In 1910, Patrick Keohane, from the Courtmacsherry area of West Cork, was chosen for Captain Robert Scott’s expedition to the South Pole.
He joined a team which included the renowned Kerry explorer Tom Crean, as well as Kinsale brothers Mortimer and Tim McCarthy, along with Robert Forde from Kilmurry.
After reaching Antarctica in Jan 1911, they built their base camp at Cape Evans.
Capt Scott picked 16 men, one of them Keohane, to undertake the hazardous 1,800 mile journey to the South Pole and back, braving the extreme cold with temperatures plummeting to minus 70 degrees F.
Three months later, however, Keohane and several others were sent back as Scott and a small handpicked team continued.
However, although this group made it to the South Pole, they all perished on the return journey.
Keohane was one of the leaders of the rescue team who later found the bodies of Scott and some team members who had frozen to death in their tent.
“Patrick Keohane is the only Irish member of Scott’s expedition who does not have a memorial,” says Diarmuid Begley of the West Cork-based Patrick Keohane Memorial Project.
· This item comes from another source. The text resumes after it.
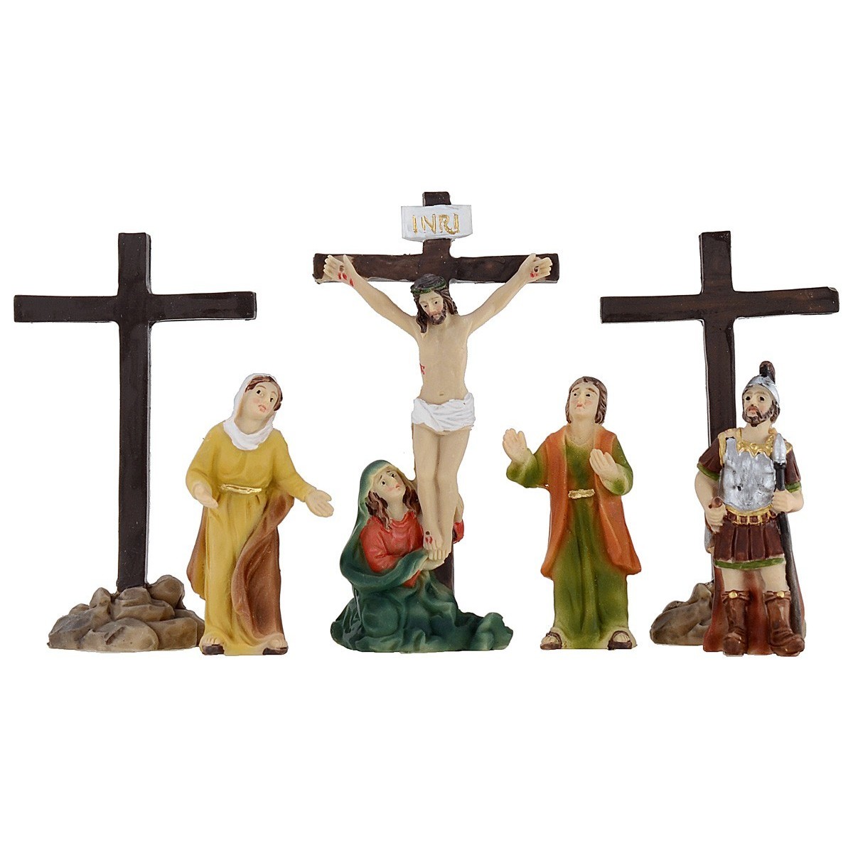 Set di 6 statue Pasquali per la rappresentazione della Crocifissione di Gesù sul Monte Calvario. Le statue della medesima serie hanno volti espressivi e ben rifiniti nei dettagli e sono realizzate interamente in resina. Il prodotto è ideale per la creazione di composizioni Pasquali come Diorami e Presepi.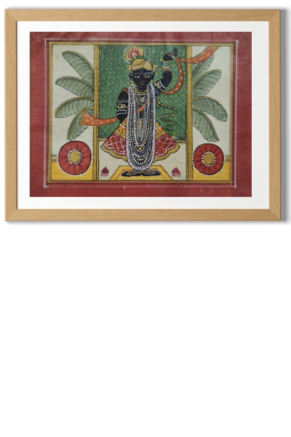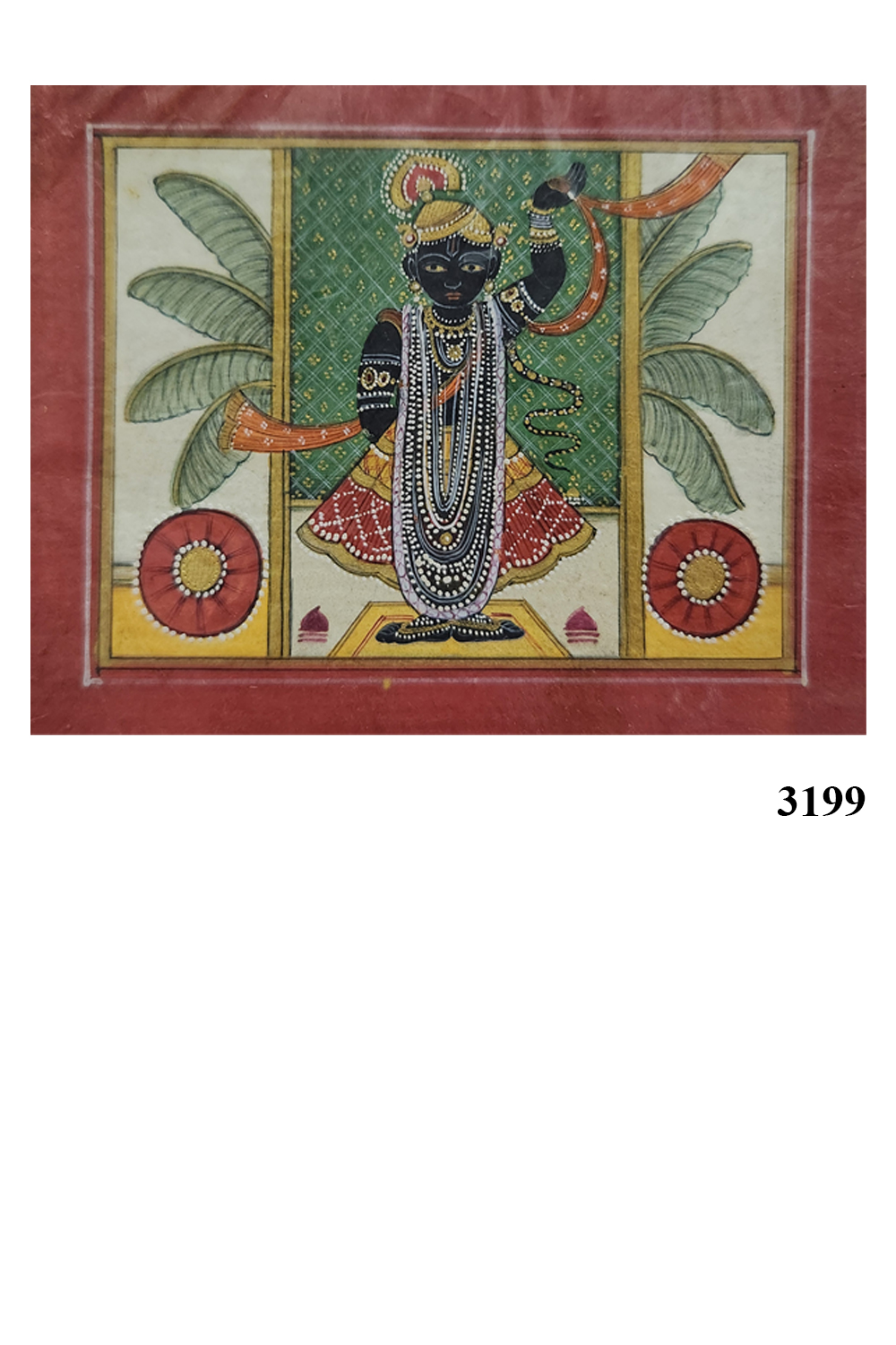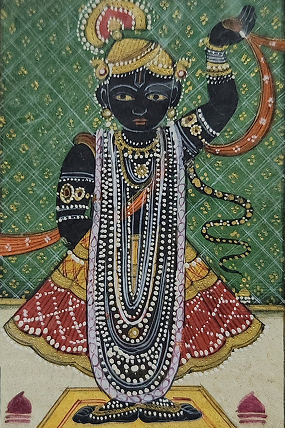 "Krishna with Flute" captures the divine essence of Lord Krishna, depicted with dark blue skin, playing a flute. The deity is adorned with elaborate jewelry and a crown, and dressed in a red and yellow garment. The background features lush green foliage and decorative elements, with two large red flowers on either side, highlighting the rich cultural and religious heritage of India. The intricate detailing and vibrant colors make this painting a captivating piece of art. Hand-painted using natural stone colors and gold leaf on handmade paper, this artwork reflects the skill and craftsmanship of traditional Indian miniature painting techniques.

“The others all have memorials. Keohane was the only one of the five Irish members and the last hero of that polar expedition not to have a memorial to his memory in the country of his birth.”
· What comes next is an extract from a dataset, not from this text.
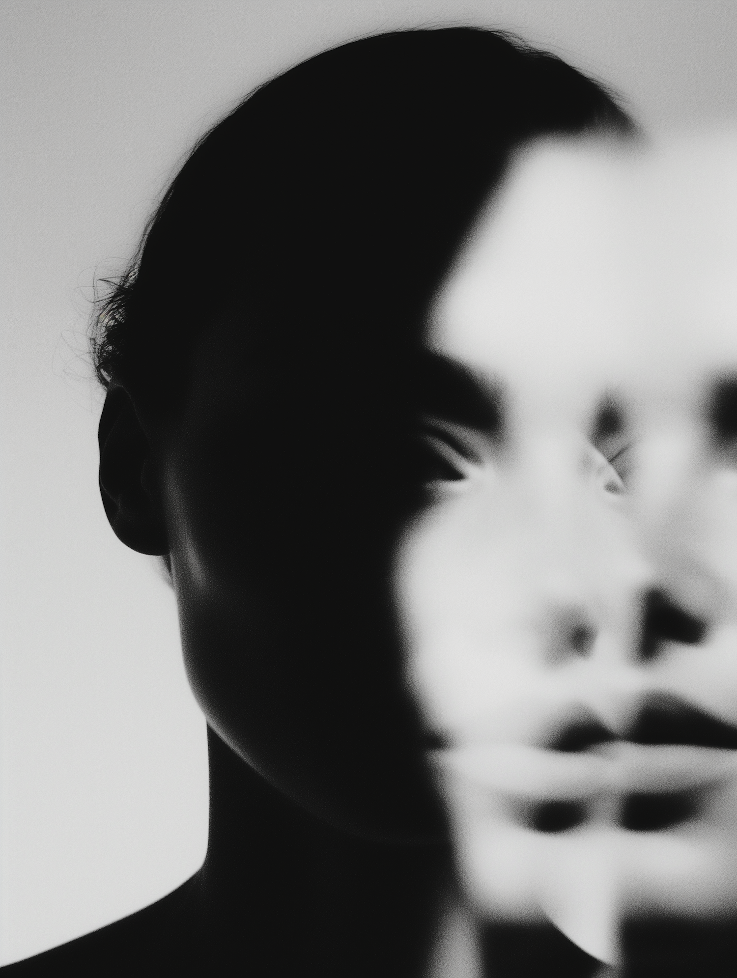 Abstract black-and-white portrait with blurred, overlapping faces and stark light-shadow contrast for a surreal effect.

Locals now hope to erect a full-sized bronze statue of Keohane in August, overlooking his birthplace at Lislee in the parish of Barryroe, near Courtmacsherry.
“Patrick Keohane led an extraordinary life. He was on Scott’s expedition, he was also in both the navy and on the coast guard and, during World War Two, he was an instructor at Valkyrie — the secret radar and telegraphy training school on the Isle of Man.”
The statue is being cast by sculptor Don Cronin, who is well-known for the Bull of Macroom, and the Horse and Blacksmith sculptures in Innishannon.
Keohane family members in Britain, the US and Ireland are being invited to the unveiling by the organisers, who have also published a special brochure about the adventurer, who died in Plymouth, England, in 1950, at the age of 71.
A series of fundraising events will take place between now and the unveiling on May 24.
They will include a lecture, slide show and photographic exhibition on Keohane and the polar expedition in Butlerstown.